Work item:
Please restate each entry that appears below word for word, without its pictures.

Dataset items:
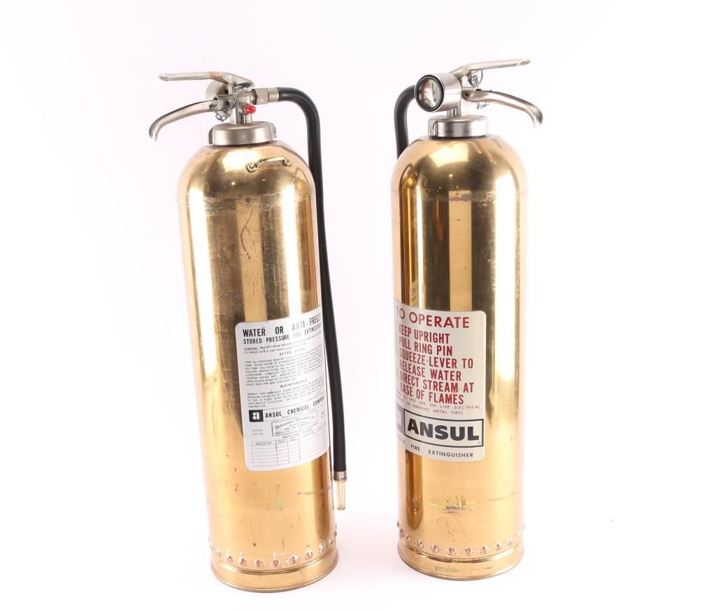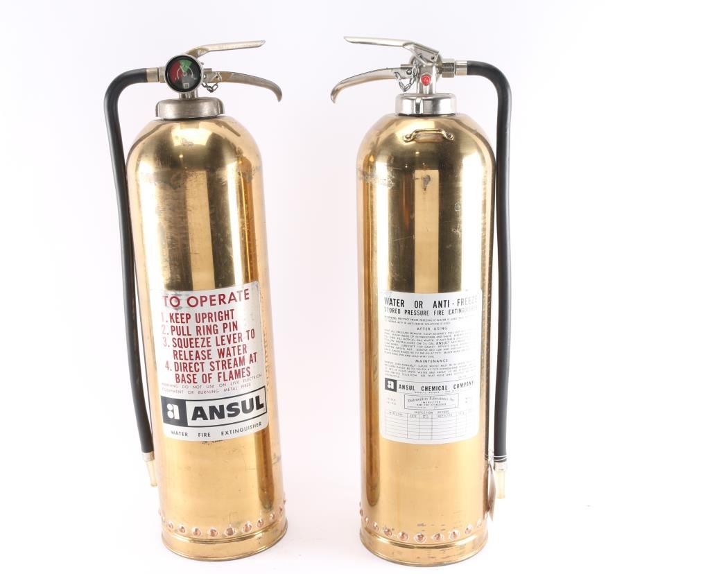 Two brass water fire extinguishers with Ansul labels. Measure 27" tall and 23 1/2" circumference.
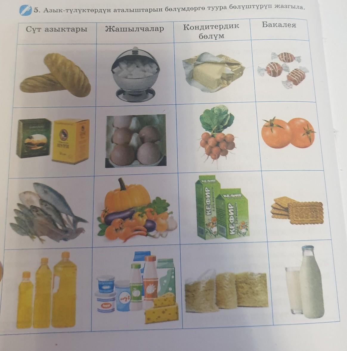 5. Азык-түлүктөрдүн аталыштарын бөлүмдөргө туура бөлүштүрүп жазгыла. Сүт азыктары Жашылчалар Бакалея Кондитердик бөлүм метр КЕФИР V КЕФИР ро) 136
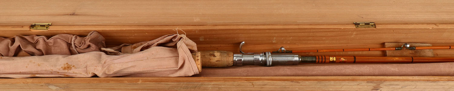 Set of 3 Bamboo rods from Kiraku & Co. Tokyo Japan in original wood box, has one surf rod, one fly rod & one casting rod, has 2 original cloth bags (one missing), all has very nice original labels on base of rods, wood shipping box is missing both wood ends. Grade: Very Good ++ - Value: 20 to 200
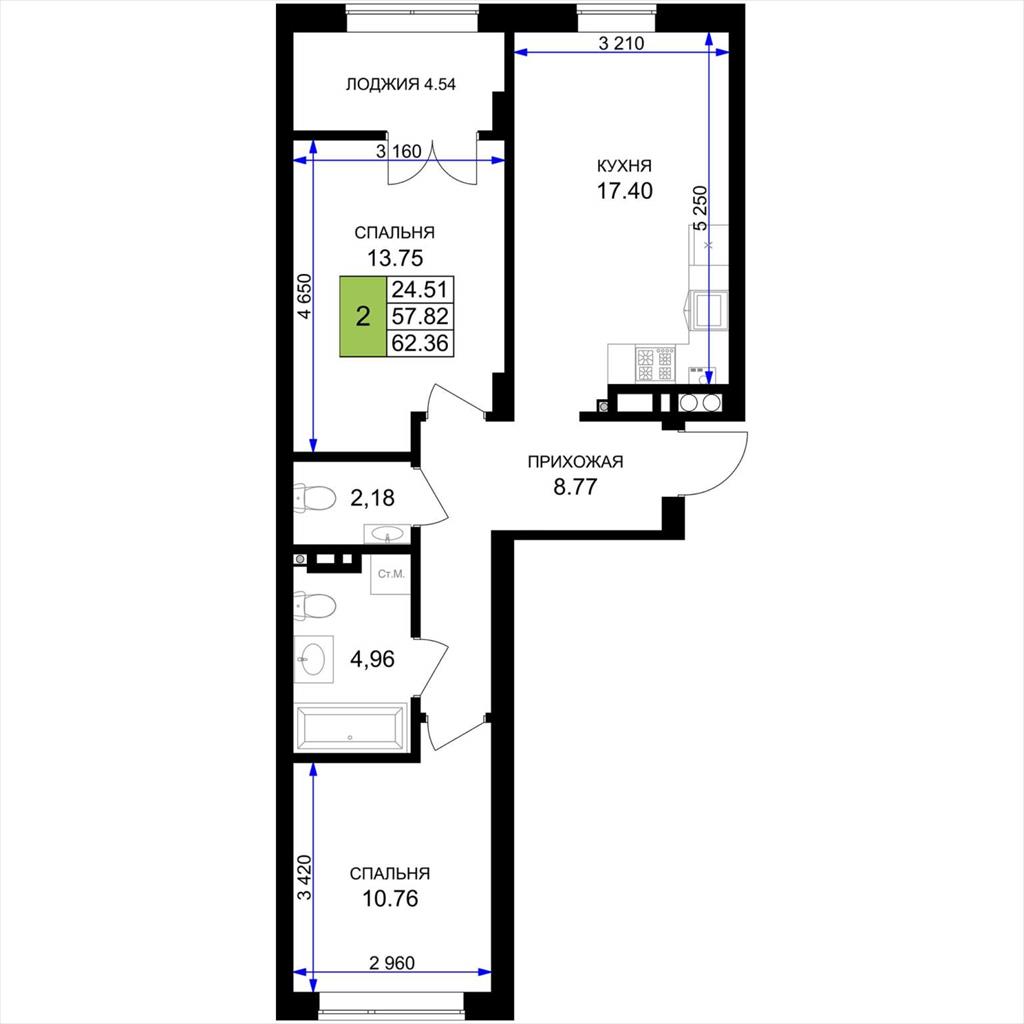 общая 62,36 м2, жилая 24,51 м2, кухни 17,4 м2 |
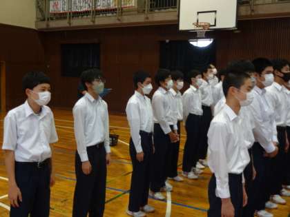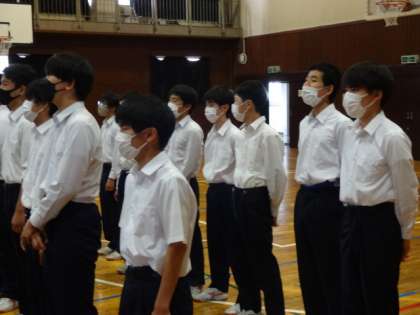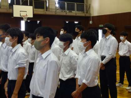 3年生男子が、学年合唱をより良くするために、昼休みに合唱練習を行いました。明日は男女一緒に行うそうです。ガンバレ!
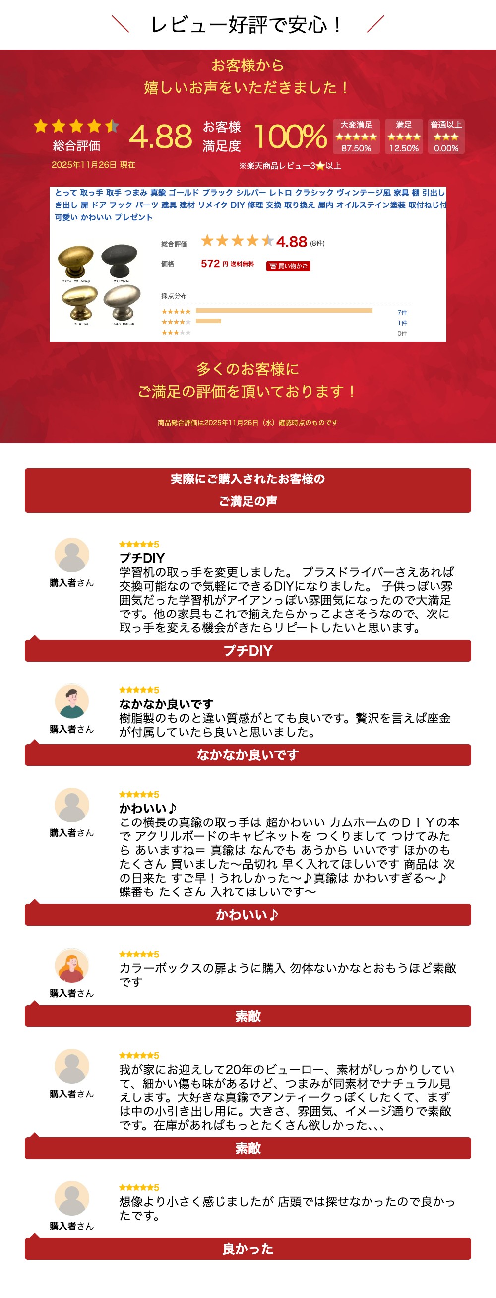 *在庫数を確認のうえご注文お願い致します* 商品詳細 -infomation- 納期在庫有の場合:2営業日以内に発送在庫切れの場合:納期をご連絡致します不足商品の取扱い商品名 つまみ取っ手 N021 サイズ サイズ 幅24x高さ17x奥行20mm ベース 直径14mm ※ハンドメイドで製作している為、サイズには多少の誤差があります。 材質 真鍮 生産国 インドネシア カラー アンティークゴールド(antique)、ブラック(black)、ゴールド(polished brass)、シルバー艶消し(silver doff.) 付属品 トラスねじ M4(4mm)x長さ25mm ※ご注文時【備考欄】に取付板の厚みをご記入頂けると、適合する長さのねじに変更致します。 発送について 購入金額3980円以上で送料無料(税込み) ※追跡可能メール便で発送致します。 商品の特徴 ●オイルステイン塗装(アンテイークゴールド/ブラック) ※着色には炭、植物オイルを使用しています。 炭の含有量により黒味の度合いが変わります。 ハンドメイドの為、サイズ・色合いが多少異なる 場合もあります。 予めご了解お願いいたします。 ●真鍮磨き仕上げ(ゴールド) ※真鍮素地を磨き、透明クリア塗装で仕上げています。 ●シルバー仕上げ ※真鍮素地にシルバー艶消し塗装で仕上げています。 お手入れ 真鍮商品は長期間埃等が付着すると変色の原因になります。 布などを使用して埃等を取り除くと、長期間に渡り商品の風合いをお楽しみいただけます。 関連商品とって 取っ手 取手 つまみ 真鍮 ゴールド ブラック シルバー レト...とって 取っ手 取手 つまみ 真鍮 ゴールド ブラック シルバー レト...とって 取っ手 取手 つまみ 真鍮 ゴールド ブラック シルバー レト...572円627円506円とって 取っ手 取手 つまみ 真鍮 扉のつまみ ゴールド ブラック シ...とって 取っ手 取手 つまみ 真鍮 ゴールド ブラック シルバー レト...とって 取っ手 取手 つまみ 真鍮 ゴールド ブラック シルバー レト...748円825円836円とって 取っ手 取手 つまみ 真鍮 ゴールド ブラック シルバー レト...とって 取っ手 取手 つまみ 真鍮 ゴールド ブラック シルバー レト...とって 取っ手 つまみ 真鍮 ゴールド ブラック シルバー レトロ ク...803円891円891円とって 取っ手 取手 つまみ 真鍮 ゴールド アンティーク レトロ ク...とって 取っ手 取手 つまみ 真鍮 ゴールド ブラック シルバー レト...とって 取っ手 取手 つまみ 真鍮 ゴールド ブラック シルバー レト...561円572円242円
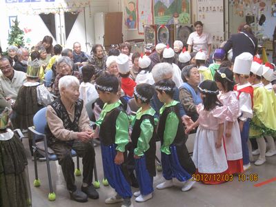 年中も年長も終了後のお年寄りとの触合いのひとときが和やかで温かでした。
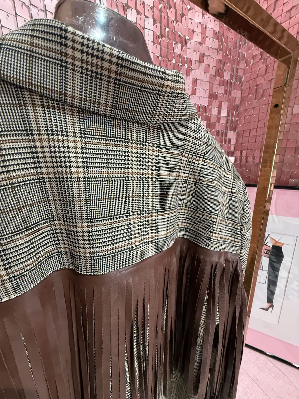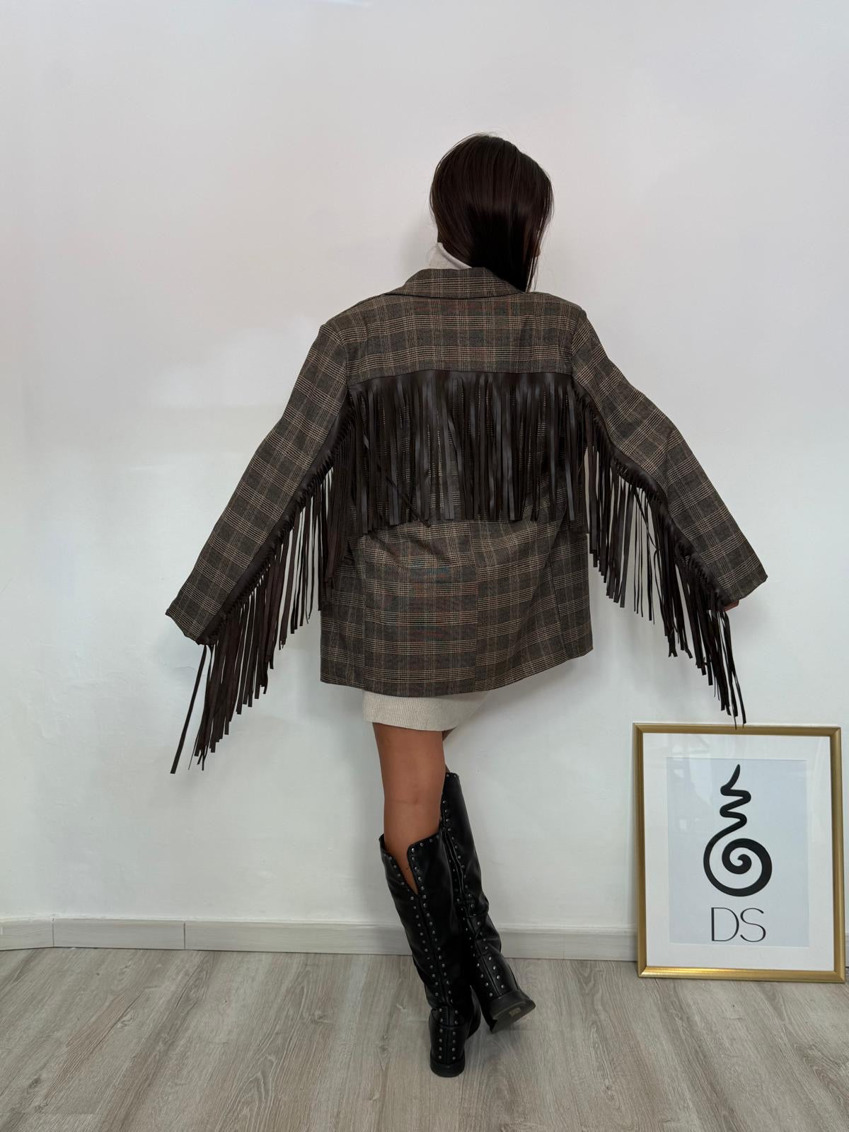 Blazer Oversize con collo a revers & frange in ecopelle sul retro e lungo la manica. Chiusura frontale con 1 bottone con spalline leggermente imbottite. Tasche frontali a filetto. Vestibilità Ottima.
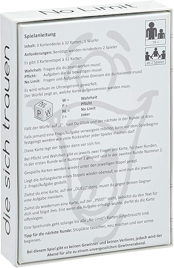 No Limit Fur Alle Die Sich Trauen Partyspiel Trinkspiel Gesellschaftsspiel Saufspiel Kartenspiel Ahnlich Wie Tat Wahrheit Oder Pflicht Lustiges Spiel Deutsche Version Amazon De Spielzeug
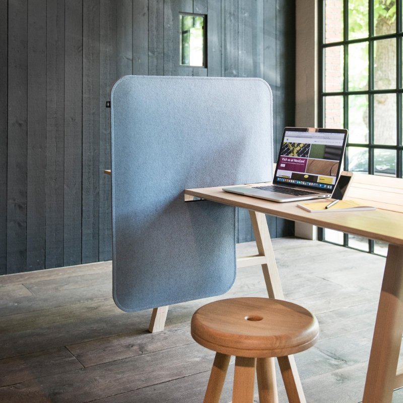 De BuzziDesk Split is een vrijstaand scherm die over het bureaublad geschoven wordt. Deze schermen creëren meerdere werkplekken aan een lange tafel en zorgen voor meer privacy. Daarnaast heeft het scherm ook een geluiddempende werking voor een persoonlijke en stille werkplek. De Split heeft een inkeping die over het bureaublad geschoven wordt en vervolgens vastgeklemd wordt met een draaidop.

Answer:
 Two brass water fire extinguishers with Ansul labels. Measure 27" tall and 23 1/2" circumference.
 5. Азык-түлүктөрдүн аталыштарын бөлүмдөргө туура бөлүштүрүп жазгыла. Сүт азыктары Жашылчалар Бакалея Кондитердик бөлүм метр КЕФИР V КЕФИР ро) 136
 Set of 3 Bamboo rods from Kiraku & Co. Tokyo Japan in original wood box, has one surf rod, one fly rod & one casting rod, has 2 original cloth bags (one missing), all has very nice original labels on base of rods, wood shipping box is missing both wood ends. Grade: Very Good ++ - Value: 20 to 200
 общая 62,36 м2, жилая 24,51 м2, кухни 17,4 м2 |
 3年生男子が、学年合唱をより良くするために、昼休みに合唱練習を行いました。明日は男女一緒に行うそうです。ガンバレ!
 *在庫数を確認のうえご注文お願い致します* 商品詳細 -infomation- 納期在庫有の場合:2営業日以内に発送在庫切れの場合:納期をご連絡致します不足商品の取扱い商品名 つまみ取っ手 N021 サイズ サイズ 幅24x高さ17x奥行20mm ベース 直径14mm ※ハンドメイドで製作している為、サイズには多少の誤差があります。 材質 真鍮 生産国 インドネシア カラー アンティークゴールド(antique)、ブラック(black)、ゴールド(polished brass)、シルバー艶消し(silver doff.) 付属品 トラスねじ M4(4mm)x長さ25mm ※ご注文時【備考欄】に取付板の厚みをご記入頂けると、適合する長さのねじに変更致します。 発送について 購入金額3980円以上で送料無料(税込み) ※追跡可能メール便で発送致します。 商品の特徴 ●オイルステイン塗装(アンテイークゴールド/ブラック) ※着色には炭、植物オイルを使用しています。 炭の含有量により黒味の度合いが変わります。 ハンドメイドの為、サイズ・色合いが多少異なる 場合もあります。 予めご了解お願いいたします。 ●真鍮磨き仕上げ(ゴールド) ※真鍮素地を磨き、透明クリア塗装で仕上げています。 ●シルバー仕上げ ※真鍮素地にシルバー艶消し塗装で仕上げています。 お手入れ 真鍮商品は長期間埃等が付着すると変色の原因になります。 布などを使用して埃等を取り除くと、長期間に渡り商品の風合いをお楽しみいただけます。 関連商品とって 取っ手 取手 つまみ 真鍮 ゴールド ブラック シルバー レト...とって 取っ手 取手 つまみ 真鍮 ゴールド ブラック シルバー レト...とって 取っ手 取手 つまみ 真鍮 ゴールド ブラック シルバー レト...572円627円506円とって 取っ手 取手 つまみ 真鍮 扉のつまみ ゴールド ブラック シ...とって 取っ手 取手 つまみ 真鍮 ゴールド ブラック シルバー レト...とって 取っ手 取手 つまみ 真鍮 ゴールド ブラック シルバー レト...748円825円836円とって 取っ手 取手 つまみ 真鍮 ゴールド ブラック シルバー レト...とって 取っ手 取手 つまみ 真鍮 ゴールド ブラック シルバー レト...とって 取っ手 つまみ 真鍮 ゴールド ブラック シルバー レトロ ク...803円891円891円とって 取っ手 取手 つまみ 真鍮 ゴールド アンティーク レトロ ク...とって 取っ手 取手 つまみ 真鍮 ゴールド ブラック シルバー レト...とって 取っ手 取手 つまみ 真鍮 ゴールド ブラック シルバー レト...561円572円242円
 年中も年長も終了後のお年寄りとの触合いのひとときが和やかで温かでした。
 Blazer Oversize con collo a revers & frange in ecopelle sul retro e lungo la manica. Chiusura frontale con 1 bottone con spalline leggermente imbottite. Tasche frontali a filetto. Vestibilità Ottima.
 No Limit Fur Alle Die Sich Trauen Partyspiel Trinkspiel Gesellschaftsspiel Saufspiel Kartenspiel Ahnlich Wie Tat Wahrheit Oder Pflicht Lustiges Spiel Deutsche Version Amazon De Spielzeug
 De BuzziDesk Split is een vrijstaand scherm die over het bureaublad geschoven wordt. Deze schermen creëren meerdere werkplekken aan een lange tafel en zorgen voor meer privacy. Daarnaast heeft het scherm ook een geluiddempende werking voor een persoonlijke en stille werkplek. De Split heeft een inkeping die over het bureaublad geschoven wordt en vervolgens vastgeklemd wordt met een draaidop.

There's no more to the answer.